Excerpts from a dataset
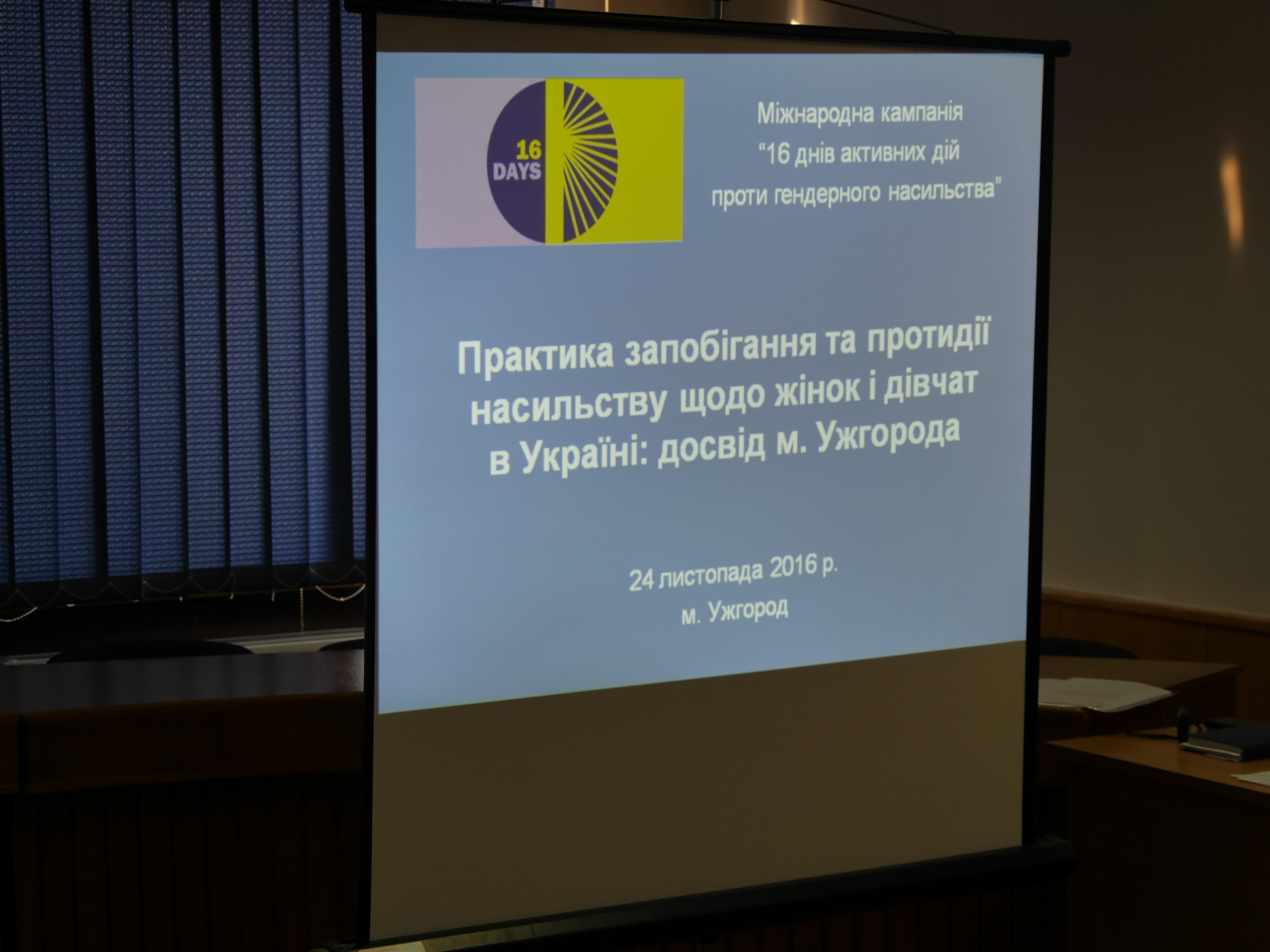 24 листопада в малому залі Ужгородської міської ради відбувся круглий стіл у межах Міжнародної кампанії «16 днів проти ґендерного насильства» – «Практики запобігання та протидії насильству щодо жінок і дівчат в Україні: досвід м.Ужгорода».
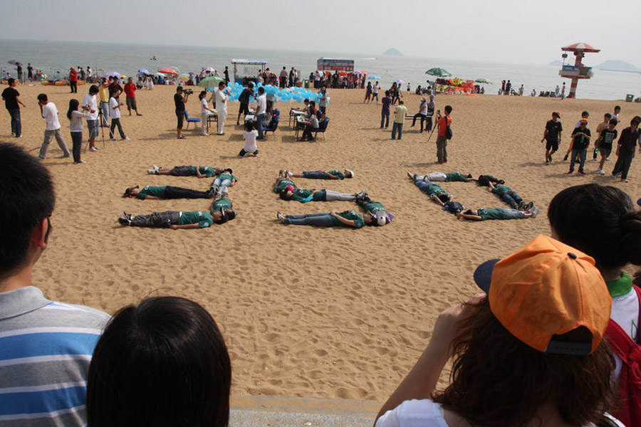 2009年10月24日,當(dāng)日是350全球應(yīng)對(duì)氣候變化行動(dòng)日,世界各地的民眾紛紛用自己的方式來(lái)表示對(duì)全球氣候變化的關(guān)注和擔(dān)憂。圖為中國(guó)廣東珠海海濱泳場(chǎng),大學(xué)生進(jìn)行海灘辦公的行為藝術(shù)。鐘凡 攝
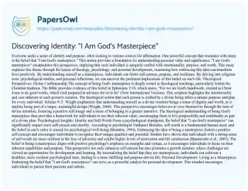 Discovering Identity: "I Am God's Masterpiece". (2025, Mar 27). Retrieved from https://hub.papersowl.com/examples/discovering-identity-i-am-gods-masterpiece/
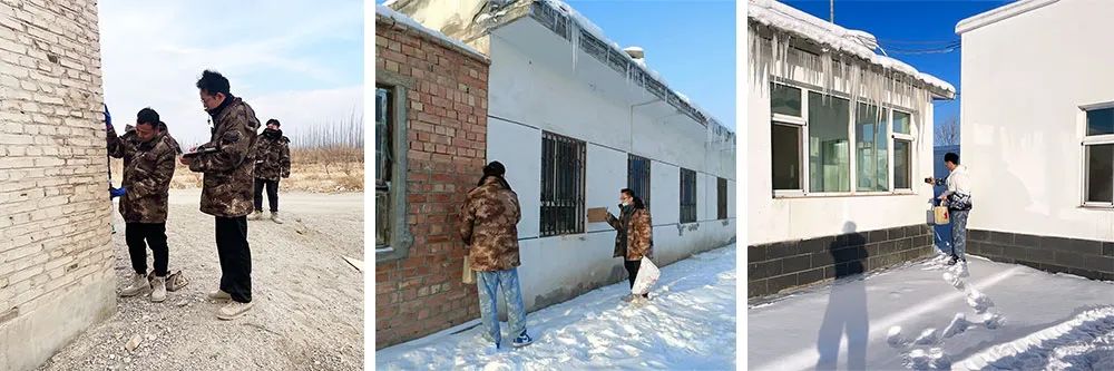 團隊克服零下20多度的低溫、各種復雜路況、大雪封路等重重困難,時常還要攜帶設備在雪地中徒步好幾公里,每天工作十余小時,縱跨天山南北,途經中哈邊境,走遍了半個新疆,完成了20多個農場房屋的現場檢測。
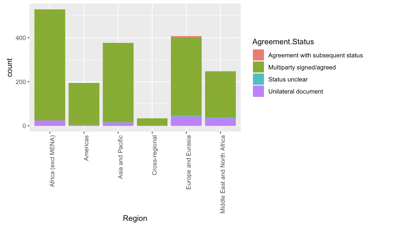 A partir de este punto, y analizado el tipo de datos escogido, he realiza una pequeña transformación para valorar cuantos tratados existen en el mundo y en que zonas del planeta están distribuidos. También he añadido en ese mismo gráfico la cantidad de tratados subdividido por tipo. 17 Cantidad de tratados firmados en el mundo divido en continentes. En esta gráfica podemos analizar que tipo de tratado es el más habitual (Multiparty signed) y en que continente existen más tratados alcanzados (África).
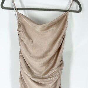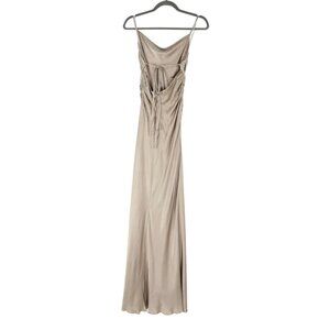 NWT Shona Joy La Lune Ruched Backless Slip Maxi Dress in Gold

- Exercise details -
Would you reproduce the lines above, from the very first through the line containing "(2025, Mar 27).", exactly and without the pictures?

- Solution for this problem -
 24 листопада в малому залі Ужгородської міської ради відбувся круглий стіл у межах Міжнародної кампанії «16 днів проти ґендерного насильства» – «Практики запобігання та протидії насильству щодо жінок і дівчат в Україні: досвід м.Ужгорода».
 2009年10月24日,當(dāng)日是350全球應(yīng)對(duì)氣候變化行動(dòng)日,世界各地的民眾紛紛用自己的方式來(lái)表示對(duì)全球氣候變化的關(guān)注和擔(dān)憂。圖為中國(guó)廣東珠海海濱泳場(chǎng),大學(xué)生進(jìn)行海灘辦公的行為藝術(shù)。鐘凡 攝
 Discovering Identity: "I Am God's Masterpiece". (2025, Mar 27). Retrieved from https://hub.papersowl.com/examples/discovering-identity-i-am-gods-masterpiece/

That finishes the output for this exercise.